We implemented the HTTP Server using Python’s SimpleHTTPServer request handler, and a class derived from SocketServer.TCPServer that:
- Includes the setsockopt calls to initialize TFO.
- Remaps pages that aren’t found to their base 16 MD5 equivalent filename, as with the Chrome shell above.
- Use Mime type and charset saved by the Chrome shell in scraper mode.
- Saves logs for the servers in the serverlogs/ directory.
Our current test rig is Mininet, which we mainly use to provide IP addresses to each server, and connectivity between the servers and the client. This connectivity has added latencies which we currently hardcode as in the paper, but we could reproduce the latencies measured when the Chrome shell was originally run in scraper mode.
Our initial setup didn’t use Mininet at all: we simply started the Python simple HTTP servers and delayed responses to simulate latency. We started all servers on localhost, and mapped them to different ports.
There are a few issues with our experiment reproducibility.
The current web pages are different from those that existed when the experiments were conducted. We contacted one of the paper authors and they do not have a cached version of these pages. A possible solution to rectify this is to look at web.archive.org for significant differences between now and the time the paper was written. We ignored this issue because we can see the results of TFO from the pages that we fetched, and they are in the ballpark of the results obtained in the paper.
The results correlate well with those of the original TFO paper, showing reasonably significant latency reductions (in the ballpark of 5-20% depending on the website and RTT). We first generated a table analogous to the first table in the original paper, which shows RTT reduction as a function of TFO being enabled and the RTT setting of the network. This can be seen below:
PageRTT(ms) | PLT (s) | | no TFO | TFO | Improv. http://www.wsj.com 100 | 6688.445 | 5807.929 | 13.16% 20 | 4255.73 | 4073.823 | 4.27% http://www.amazon.com 100 | 3366.808 | 2547.842 | 24.32% 20 | 1450.884 | 1319.65 | 9.04% http://en.wikipedia.org/wiki/Transmission_Control_Protocol 100 | 4909.855 | 4085.305 | 16.79% 200 | 8403.108 | 7015.135 | 16.51% 20 | 2599.715 | 2301.599 | 11.46%
Additionally, we took the liberty to generate timing diagrams showing the difference between fetching websites with TFO enabled and disabled. These demonstrate the advantages of something like TFO as RTTs increase on the network. An example diagram can be shown below, for fetching the Wall Street Journal website at 100ms RTT. Other plots can be seen in the GitHub repository.
As a further result we’ve experimented with the Alexa Top 100 US websites. This requires significant amount of data, which we haven’t had the time to explore and therefore omitted from our results.
As a further improvement we can collect the CDN layout for these websites from different access points around the world (i.e. run the Chrome shell in scraper mode from different computers), and experiment with different CDN layouts to figure out potential improvements. CDNs require additional TCP handshakes, consolidating them therefore reduces the effect of TFO.
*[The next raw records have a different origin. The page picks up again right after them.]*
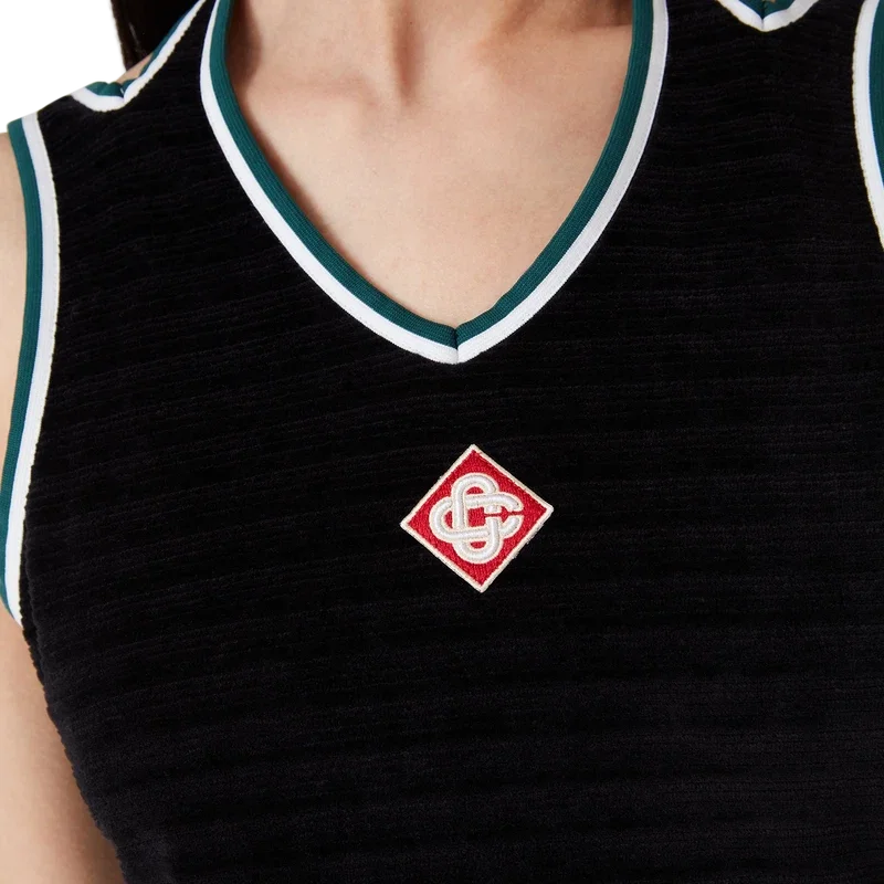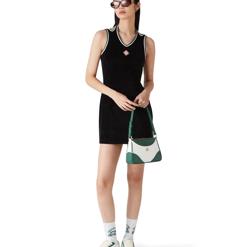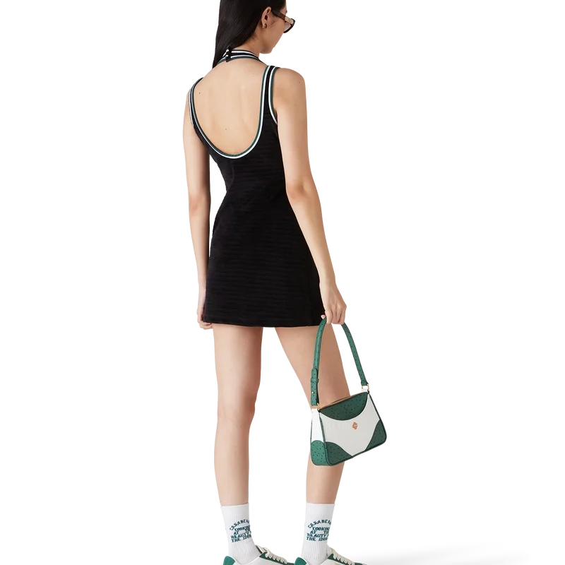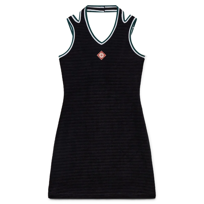 Den strukturerte velour-tenniskjolen er en A-linje-minikjole laget av velourstoff. Fullført med V-formet halterneck, skulderstropper med dyp utskjæring i ryggen og husets signaturdiamantlogo på brystet.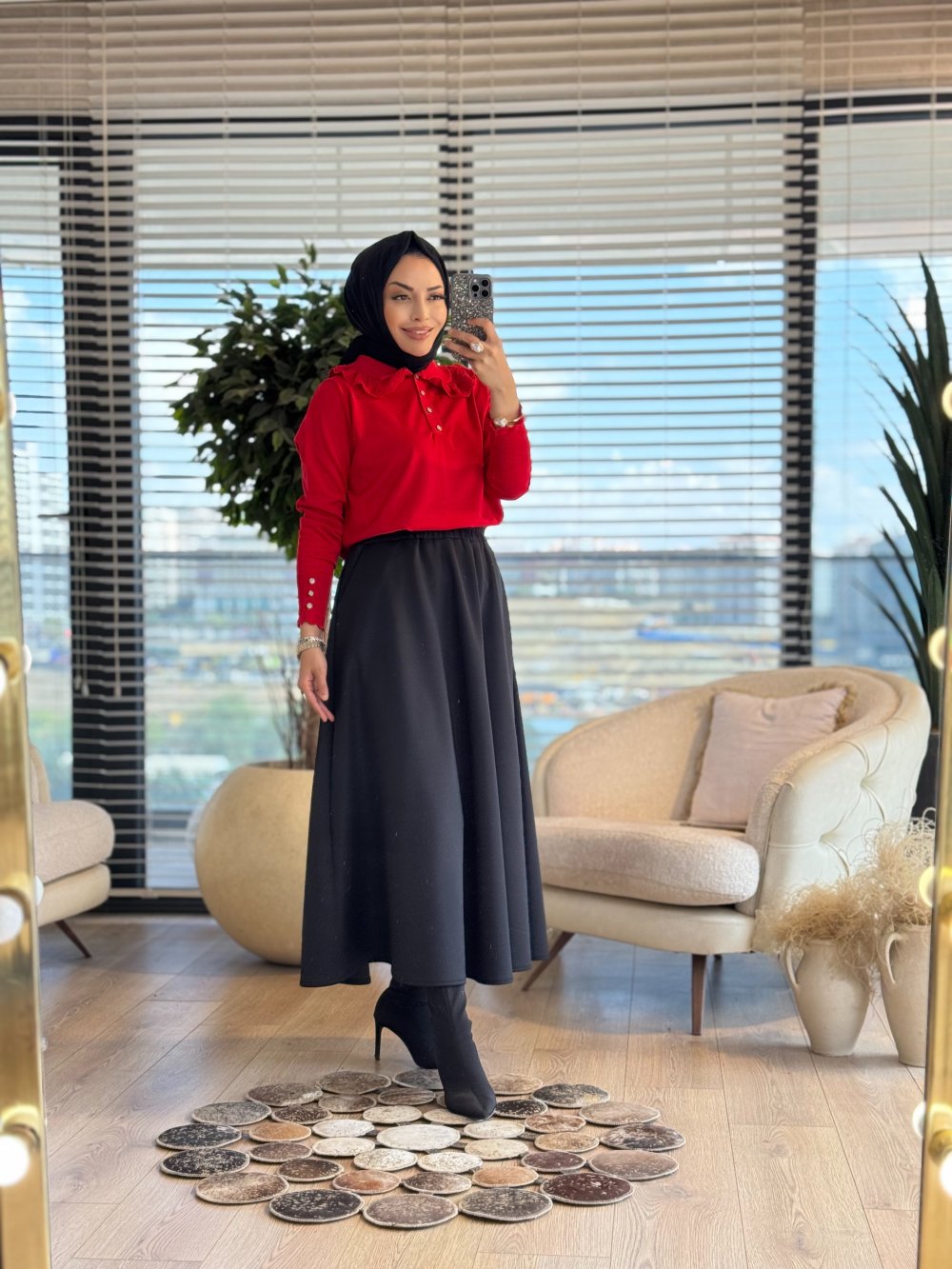 260 Dantelli Bebe Yaka Triko Tunik Kırmızı
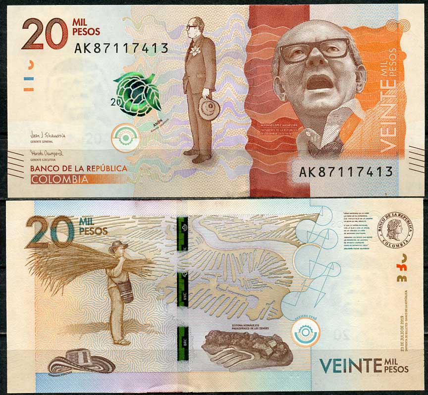 Колумбия 20000 песо 2019 Альфонсо Лопес Микельсен, мужчина с тростником Pick 461 e бумага UNC (пресс) 447-70-1-3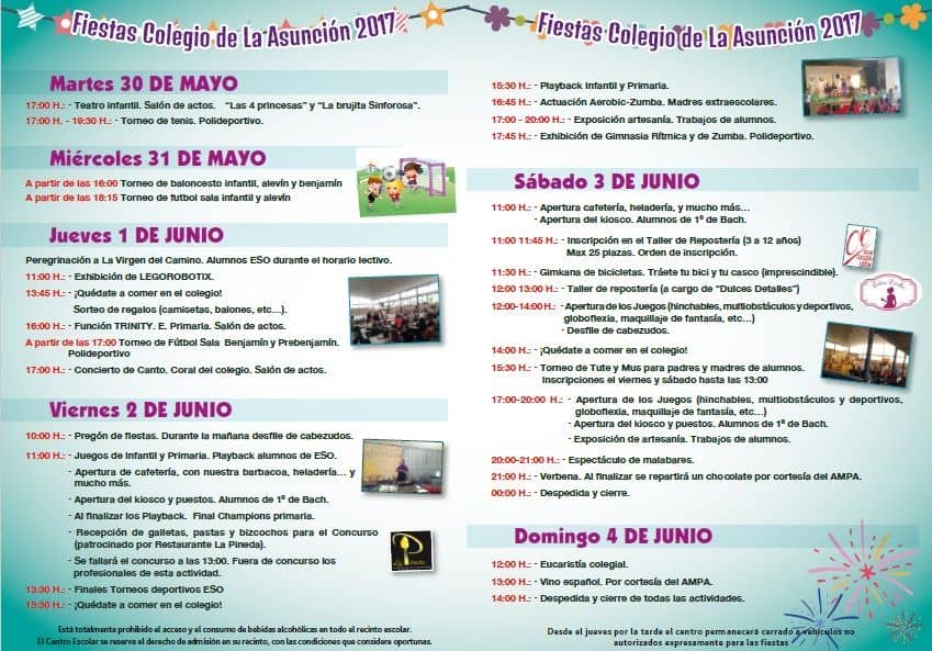 Los próximos días 2, 3 y 4 de junio celebramos las tradicionales fiestas colegiales. Esta edición es especial para nosotros porque tendrá lugar en el marco de la celebración del 75 aniversario del centro. A continuación es posible consultar el prorgrama completo de actos. Para visualizar el documento completo, solamente es necesario pinchar sobre la imagen.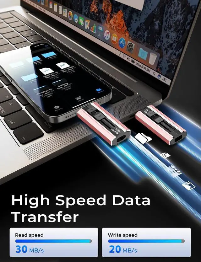Higher: Simply insert the flash drive into your iPhone iPad, then go to the "Files" app, Click back to Browse and find the flash drive named Untitled, Move photos videos and files to your iPad or iPhone as needed. ^^ How to transfer in Android PhonesAndroid phones need to support OTG, and flash drives can be found in the File Manager of most Android devices. ^^ Kindly NoteThe phone case may prevent the proper connection between a phone and a usb flash drive, which could result in the phone being unable to recognize the usb flash drive. In this situation, please do not conclude that the usb flash drive cannot be used, remove the phone case and try again. ^^ Kindly NoteFor Flash Media Devices, 1 megabyte = 1 million bytes; 1 gigabyte = 1 billion bytes. Actual useable capacity may vary. Some of the listed capacity is used for formatting and other functions, and thus is not available for data storage. ^^ Kindly NoteUp to 30MB/s read speed, write speed is lower. Based on internal testing; performance may be lower depending on the host devices and users settings and configurations.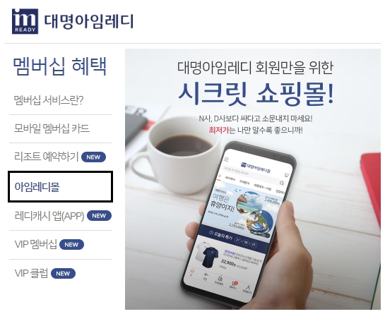 홈페이지 가입 회원도 동일한 아이디와 비밀번호로 이용할 수 있으며, 아임레디몰 가입일 및 접속일 기준으로 5천원 할인쿠폰과 웰컴 1천원 구매 쿠폰이 지급됩니다.

Additional work can be done to evaluate CPU utilization and to replicate Figure 6 in the paper as well.
An optimization that we can investigate would be to measure the benefits of synchronizing the invalidation of cookies between a web site and its associated CDN servers, that is have TFO cookies per domain instead of per IP. By following a common schedule, we could maximize the time in which the entire web site’s resources are also fetched with TFO enabled. The authors of the paper explicitly wanted to avoid such handshakes and synchronization to reduce implementation complexity.
We could also explore allowing Chrome to open more than 6 concurrent connections per domain. This might cause issues with some routers, which can probably be detected and backed-off, but in general could better showcase TFO’s results.